== SUPPLIED MATERIAL
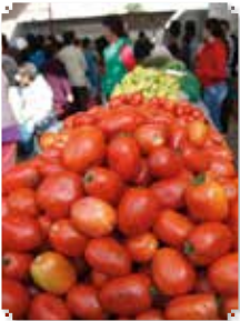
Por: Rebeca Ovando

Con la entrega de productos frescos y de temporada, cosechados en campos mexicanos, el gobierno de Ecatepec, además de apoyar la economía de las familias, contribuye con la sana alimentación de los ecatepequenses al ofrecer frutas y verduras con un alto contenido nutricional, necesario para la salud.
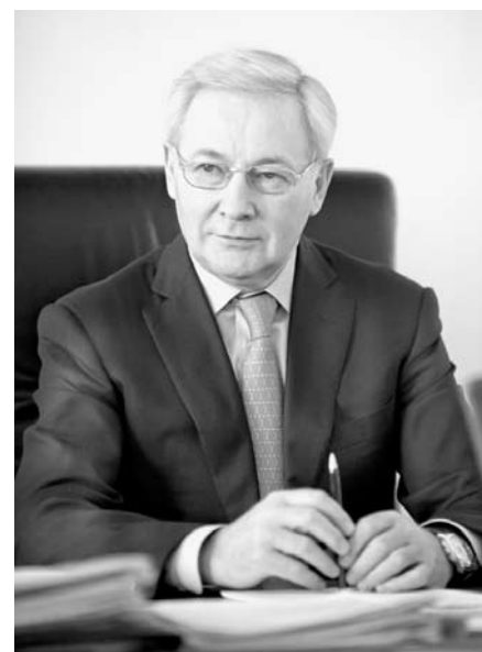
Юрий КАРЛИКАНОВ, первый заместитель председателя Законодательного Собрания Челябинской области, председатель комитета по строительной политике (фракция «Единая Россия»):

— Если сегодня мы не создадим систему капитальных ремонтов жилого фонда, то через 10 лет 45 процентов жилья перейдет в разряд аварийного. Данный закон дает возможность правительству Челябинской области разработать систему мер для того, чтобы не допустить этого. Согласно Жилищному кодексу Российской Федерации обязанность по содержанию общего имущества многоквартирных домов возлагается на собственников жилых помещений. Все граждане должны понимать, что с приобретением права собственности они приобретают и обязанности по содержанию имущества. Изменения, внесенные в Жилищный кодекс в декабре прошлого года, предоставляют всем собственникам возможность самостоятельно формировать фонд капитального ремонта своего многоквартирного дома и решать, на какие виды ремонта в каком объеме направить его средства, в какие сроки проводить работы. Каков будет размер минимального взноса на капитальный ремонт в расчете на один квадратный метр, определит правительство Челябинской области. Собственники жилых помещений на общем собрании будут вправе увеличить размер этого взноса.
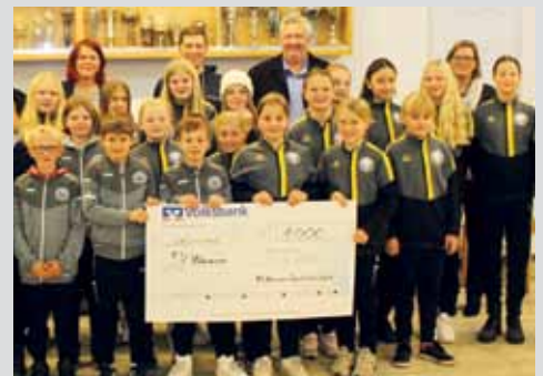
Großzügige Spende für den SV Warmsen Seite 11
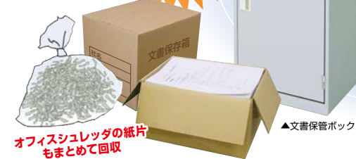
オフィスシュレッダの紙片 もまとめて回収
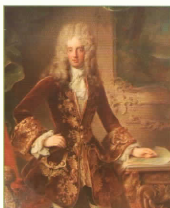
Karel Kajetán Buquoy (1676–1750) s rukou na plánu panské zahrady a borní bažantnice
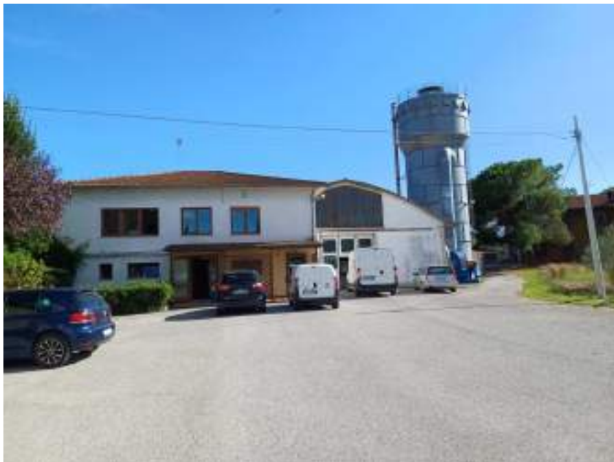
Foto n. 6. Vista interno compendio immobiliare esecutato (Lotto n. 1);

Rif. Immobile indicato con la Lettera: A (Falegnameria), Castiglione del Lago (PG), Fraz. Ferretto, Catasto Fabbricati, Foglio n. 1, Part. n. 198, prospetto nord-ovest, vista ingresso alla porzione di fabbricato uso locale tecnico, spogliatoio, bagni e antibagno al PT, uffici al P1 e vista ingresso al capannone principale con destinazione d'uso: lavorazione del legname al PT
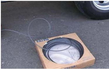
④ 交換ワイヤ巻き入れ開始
====
▶ WHAT TO DO
For the entries above, print exactly the lines between the one with "Con la entrega" and the one with "Karel Kajetán Buquoy", inclusive, with no pictures.

▶ EXPECTED ANSWER
Con la entrega de productos frescos y de temporada, cosechados en campos mexicanos, el gobierno de Ecatepec, además de apoyar la economía de las familias, contribuye con la sana alimentación de los ecatepequenses al ofrecer frutas y verduras con un alto contenido nutricional, necesario para la salud.
Юрий КАРЛИКАНОВ, первый заместитель председателя Законодательного Собрания Челябинской области, председатель комитета по строительной политике (фракция «Единая Россия»):

— Если сегодня мы не создадим систему капитальных ремонтов жилого фонда, то через 10 лет 45 процентов жилья перейдет в разряд аварийного. Данный закон дает возможность правительству Челябинской области разработать систему мер для того, чтобы не допустить этого. Согласно Жилищному кодексу Российской Федерации обязанность по содержанию общего имущества многоквартирных домов возлагается на собственников жилых помещений. Все граждане должны понимать, что с приобретением права собственности они приобретают и обязанности по содержанию имущества. Изменения, внесенные в Жилищный кодекс в декабре прошлого года, предоставляют всем собственникам возможность самостоятельно формировать фонд капитального ремонта своего многоквартирного дома и решать, на какие виды ремонта в каком объеме направить его средства, в какие сроки проводить работы. Каков будет размер минимального взноса на капитальный ремонт в расчете на один квадратный метр, определит правительство Челябинской области. Собственники жилых помещений на общем собрании будут вправе увеличить размер этого взноса.
Großzügige Spende für den SV Warmsen Seite 11
オフィスシュレッダの紙片 もまとめて回収
Karel Kajetán Buquoy (1676–1750) s rukou na plánu panské zahrady a borní bažantnice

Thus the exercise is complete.